Suppose a game where you are a miner that mines and stockpiles different gems each with a different value. Some are rare and you only have a small number of them (trade for a significant amount); some are common and you have a large amount (trade for much less). At the end of a mining day you can trade in gems but you are limited by your rank as a miner. A higher rank miner can turn in any combination of gems for a higher total daily profit.
You can pick however many to turn in at once, but turning in too many will "waste" profit and not count to daily profit or roll over; turning in too few will not reach the daily limit and you will end up wasting time. It could be said that the miner's goal is to reach a long term profit quota as quickly as possible.
Question: Is it possible to create a system or function of:
- Daily profit limit
- Long term profit goal (minus current profit?)
- current gem stockpile
to generate suggested trades on any given day and to minimize the amount of times the miner would have to go back to mining.
(for example: turning in many rare gems and a handful of common gems would easily get you daily profit but running out of rare gems would make it harder to reach the daily profit limit on subsequent days.

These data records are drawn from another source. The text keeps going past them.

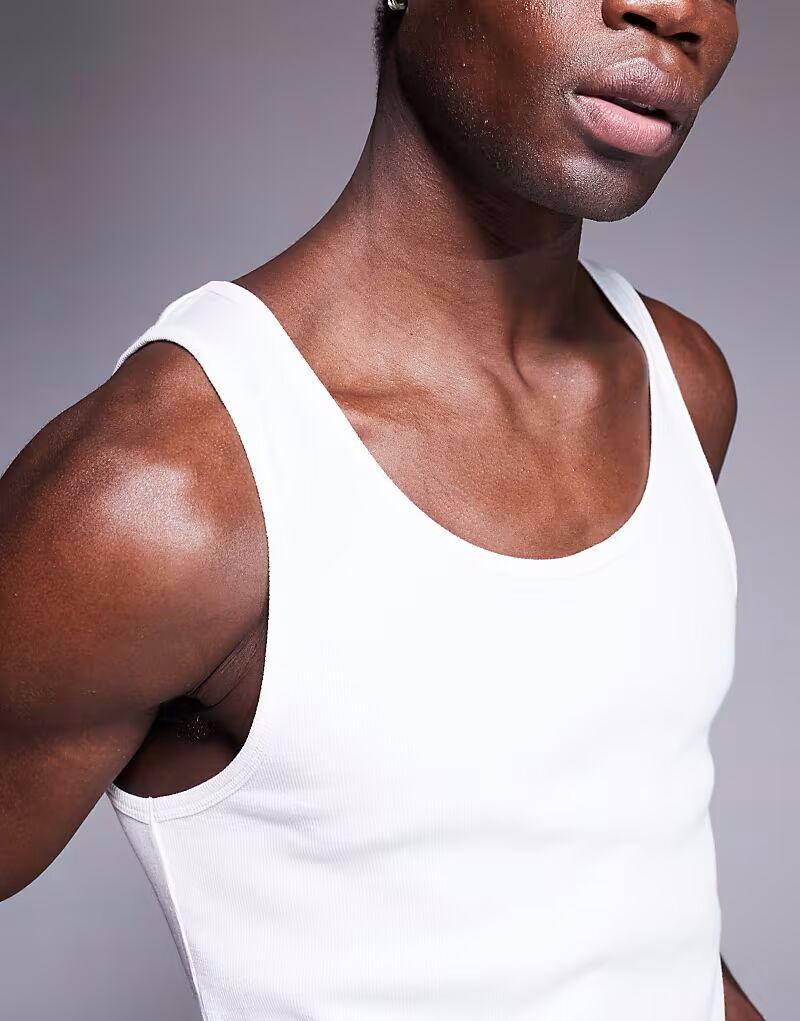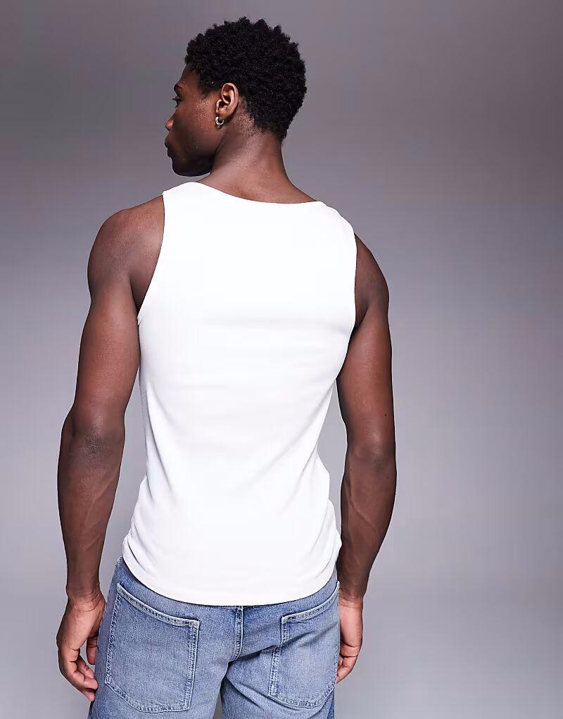 Майка Essentials, облегающий фигуру, в белый рубчик Asos Design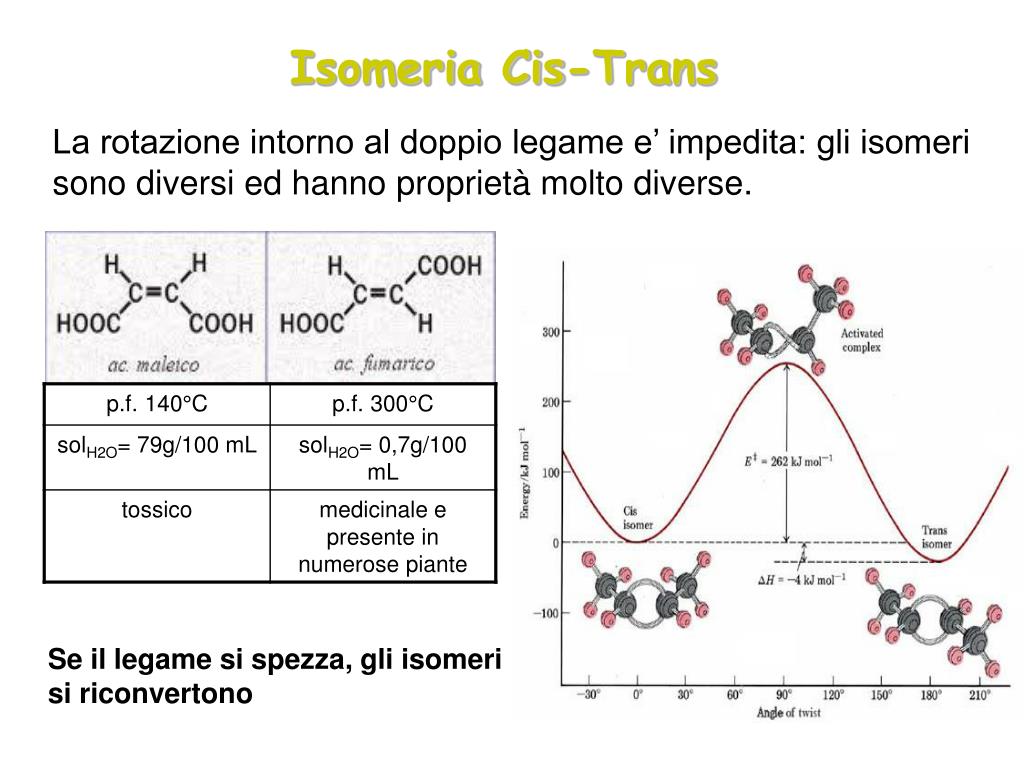 Isomeria Cis-Trans La rotazione intorno al doppio legame e’ impedita: gli isomeri sono diversi ed hanno proprietà molto diverse. Se il legame si spezza, gli isomeri si riconvertono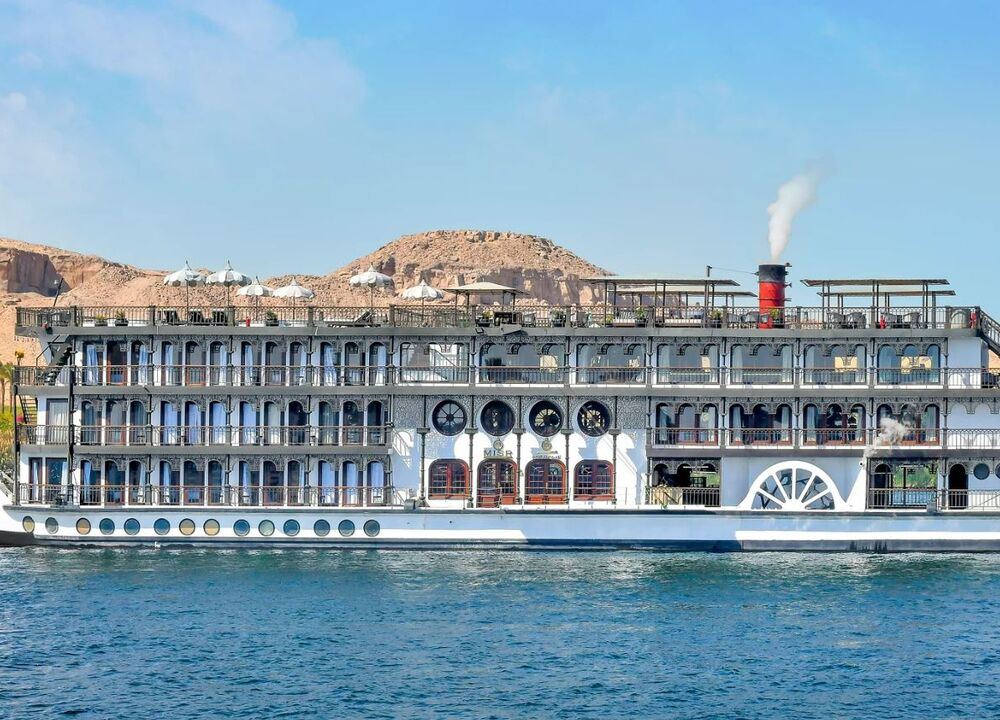 Vi flyger till Luxor där Nilen glittrar mellan gröna fält, palmer och gyllene ökenklippor. Vid kajen väntar vårt fartyg – SS Misr – en gång kung Farouks stolthet, nu varsamt återställd till sin ursprungliga elegans. Ombord doftar det av trä, linne och polerad mässing, och floden ligger stilla som en spegel under oss.

Or would waste profit or time if the number of traded gems and profit dont align with the daily profit limit)
Something like function(profit_needed,current_stockpile) = 3gem_rare_1 + 20gem_common_1 + ....
I tried approaching this as a global optimization problem with toolkits from scipy but given the nature of the problem and constraints I feel it may have something closer to a closed form or analytical solution.It also seems quite computationally expensive to figure this out by brute force through global optimization methods.